| Columnistas

La caza del indio

Por Esteban Rodríguez Alzueta*

Ete es un país que suele pensarse desde Buenos Aires y, peor aún, con el periodismo que revista en la ciudad de Buenos Aires, la Walt Disney Argentina. Un periodismo parapolicial y demagógico con la capacidad de enloquecernos a todos. Parapolicial porque trabaja con las fuentes policiales y se resguarda siempre detrás del cordón policial. Más aún, un periodismo “dateado” por los servicios de inteligencia. Demagógico, porque le dice a la gente lo que ésta quiere escuchar, porque juega con el dolor del otro.

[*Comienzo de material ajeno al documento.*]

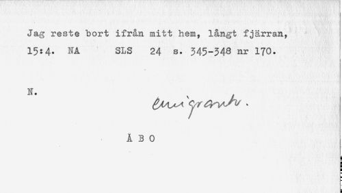 //// Jag reste bort ifrån mitt heta, långt fjärran, //// 15:4. NA SLS 24 s. 345-348 nr 170. //// N. //// ÅBO //// g //// H ////

 El periodista del que estamos hablando es un personaje enredado en su patetismo. Nunca sabe nada en particular pero habla de todo y mucho. Siempre tiene una opinión formada de algo que no sabe. Peor aún, es un periodista que trabaja sin fuentes o siempre sale con una sola fuente que tampoco chequeó. Piensa en voz alta porque la realidad, dice, es urgente y no hay tiempo para ponerse a pensar. Se escribe a contrareloj y pisa las imágenes que están llegando en vivo y en directo. Lo importante no es informar sino estar ahí, sintiendo con la gente. Porque tampoco se trata de pensar nada, basta con sentir las emociones de la “realidad” que están contando. Lo dijo alguna vez Tomás Abraham: el periodismo no escribe noticias sino emoticias. No falta mucho para que empiece a escribir con emoticones que reproduzcan los mismos gestos que ensayan los presentadores de noticias en la televisión. Actores expertos en gesticular. No hay periodismo sin muecas. Pasan de la tragedia al gol de Boca, con un golpe de rostro. Son todos de la escuela a de Santo Biasatti y Cesar y Mónica.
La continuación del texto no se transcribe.